Files
r200_8f_xtrt_llm/examples/qwen/README.md
2025-08-06 15:49:14 +08:00

202 lines
7.6 KiB
Markdown

# Qwen
This document shows how to build and run a Qwen model in XTRT-LLM on both single XPU and single node multi-XPU.
Support Qwen1.5 model as well
## Overview
The XTRT-LLM Qwen example code is located in [`qwen`](./). There is one main file:
* [`build.py`](./build.py) to build the XTRT-LLM engine(s) needed to run the Qwen model.

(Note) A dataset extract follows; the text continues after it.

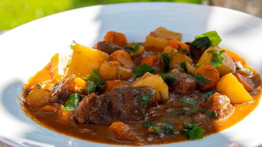 Говядина тушеная с овощами в соусе

In addition, there are two shared files in the parent folder [`examples`](../) for inference and evaluation:
* [`../run.py`](../run.py) to run the inference on an input text;
* [`../summarize.py`](../summarize.py) to summarize the articles in the [cnn_dailymail](https://huggingface.co/datasets/cnn_dailymail) dataset.
## Support Matrix
* FP16
* INT8 Weight-Only
* Tensor Parallel
## Usage
The XTRT-LLM Qwen example code locates at [qwen](./). It takes HF weights as input, and builds the corresponding XTRT engines. The number of XTRT engines depends on the number of XPUs used to run inference.
### Build XTRT engine(s)
Need to prepare the HF Qwen checkpoint first by following the guides here [Qwen-7B-Chat](https://huggingface.co/Qwen/Qwen-7B-Chat) or [Qwen-14B-Chat](https://huggingface.co/Qwen/Qwen-14B-Chat)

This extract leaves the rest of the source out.